No homeland has received more attention than that of the Proto-Indo-Europeans. Early philologists based their hypotheses solely on linguistic evidence, in the kinds of
flora and fauna that could be reconstructed to belong to the source language as a way to narrow down the geographic range. The Proto-Indo-Europeans knew bears, for instance. They also knew wolves, rabbits, beavers, mice, weasels, deer, geese, ducks, snakes, sheep, goats, pigs, dogs, and horses, among other animals; as for plants, they encountered oak, beech, pine, birch, and willow trees. In addition, the kinds of animals and plants they did not encounter are also significant: no anciently common Indo-European words can be reconstructed for elephant, camel, lion, tiger, monkey, crocodile, rice, bamboo, or palm. Because there are common words for snow and freezing cold, more or less widely spread over the Indo-European territory, the conclusion is that the homeland had to be in a place that was fairly cold.

An early group of philologists put special consideration on two words, in particular:
bee
and
beech
. The ability to reconstruct a PIE word for ‘bee' is of interest because the honeybee is native to Europe but not to the locations in Asia ever considered as possible PIE homelands; and the honeybee is relevant because PIE also has a reconstructed word for ‘honey.' The beech tree was at one time considered a particularly promising way to pinpoint the homeland because the range of the common beech is relatively limited: it is more or less confined to central Europe and is not native east of Poland and the Ukraine.
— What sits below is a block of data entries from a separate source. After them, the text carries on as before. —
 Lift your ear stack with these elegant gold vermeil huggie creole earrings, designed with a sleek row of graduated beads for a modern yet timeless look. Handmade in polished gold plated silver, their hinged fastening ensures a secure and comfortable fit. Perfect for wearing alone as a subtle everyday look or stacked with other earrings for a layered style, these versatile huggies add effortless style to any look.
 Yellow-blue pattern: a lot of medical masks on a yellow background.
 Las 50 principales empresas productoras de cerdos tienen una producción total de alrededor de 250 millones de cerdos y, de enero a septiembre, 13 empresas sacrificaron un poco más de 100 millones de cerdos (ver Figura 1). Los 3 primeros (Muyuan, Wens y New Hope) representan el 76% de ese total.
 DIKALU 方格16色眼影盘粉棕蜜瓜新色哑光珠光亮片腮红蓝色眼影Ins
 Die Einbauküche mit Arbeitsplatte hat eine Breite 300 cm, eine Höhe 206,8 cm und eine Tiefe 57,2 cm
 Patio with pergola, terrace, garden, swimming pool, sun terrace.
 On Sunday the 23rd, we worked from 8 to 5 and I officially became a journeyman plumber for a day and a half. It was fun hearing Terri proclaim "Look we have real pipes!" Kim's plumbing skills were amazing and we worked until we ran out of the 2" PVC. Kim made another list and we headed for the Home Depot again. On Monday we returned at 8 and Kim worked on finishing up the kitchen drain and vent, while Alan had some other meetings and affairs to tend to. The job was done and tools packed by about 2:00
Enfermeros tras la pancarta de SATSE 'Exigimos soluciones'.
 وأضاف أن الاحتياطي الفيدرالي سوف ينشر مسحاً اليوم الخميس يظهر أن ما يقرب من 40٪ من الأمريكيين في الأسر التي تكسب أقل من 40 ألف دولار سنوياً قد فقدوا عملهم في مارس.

Unfortunately, no one can be sure the PIE word that developed in various IE languages and came into English as
beech
referred to the tree we know as the beech tree. The word and the thing correspond in Latin and the Germanic languages. However, the word means ‘oak' in Greek, and in other languages it came to designate ‘elder' and ‘elm.' There is the further problem of determining whether the current native range of the beech tree is the same as its range 6 kya.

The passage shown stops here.